For instance, the derivative of a function \mathbb{C} \to \mathbb{C} can be represented as a matrix in \mathbb{R}^{2 \times 2}, or by a couple in \mathbb{C}^2, but not by a single number (except in the holomorphic case). I need to make such a decision for each operator, i.e. fill the following table and figure out for each cell:

Should I error or return something?
What is the correct convention for the result?

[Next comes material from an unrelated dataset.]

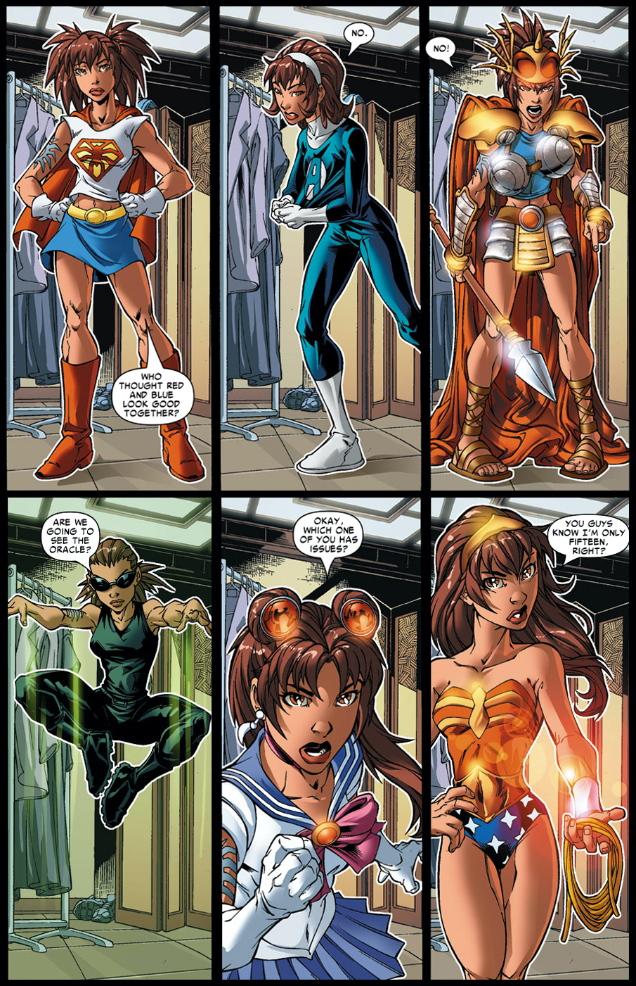Araña tries on multiple superhero costumes courtesy of WebCorps. [from Amazing Fantasy vol. 2, #6 (January 2005)] (Click to enlarge)
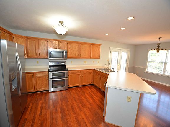 Located in the wooded subdivision of Oakhurst, this beautiful four bedroom three bathroom Cape Cod is inviting and has lots of entertaining space. Entering by way of the covered front porch, you step into a large living room featuring vaulted ceilings, stone fireplace and lots of natural light. The living room opens to the dining area and kitchen - perfect for hosting family and friends. The kitchen has stainless steel appliances and offers an abundance of cabinetry, a large peninsula counter top and pantry for the chef in you! French doors lead from the dining area onto the back deck and spacious, meticulously landscaped and fenced backyard. There is a large first floor bedroom that could be a master with its walk-in closet and adjacent full bath. This room is also located near the first level laundry.

operator	\mathbb{R} \to \mathbb{C}	\mathbb{C} \to \mathbb{R}	\mathbb{C} \to \mathbb{C}
`DI.derivative` (scalar to scalar)	?	?	?
`DI.derivative` (scalar to array)	?	?	?
`DI.gradient` (array to scalar)	?	?	?
`DI.jacobian` (array to array)	?	?	?
`DI.hessian` (array to scalar)	?	?	?

I also want to figure out how holomorphic behavior should be signaled to DI, if it can be exploited. Perhaps a function wrapper, or a keyword argument à la JAX?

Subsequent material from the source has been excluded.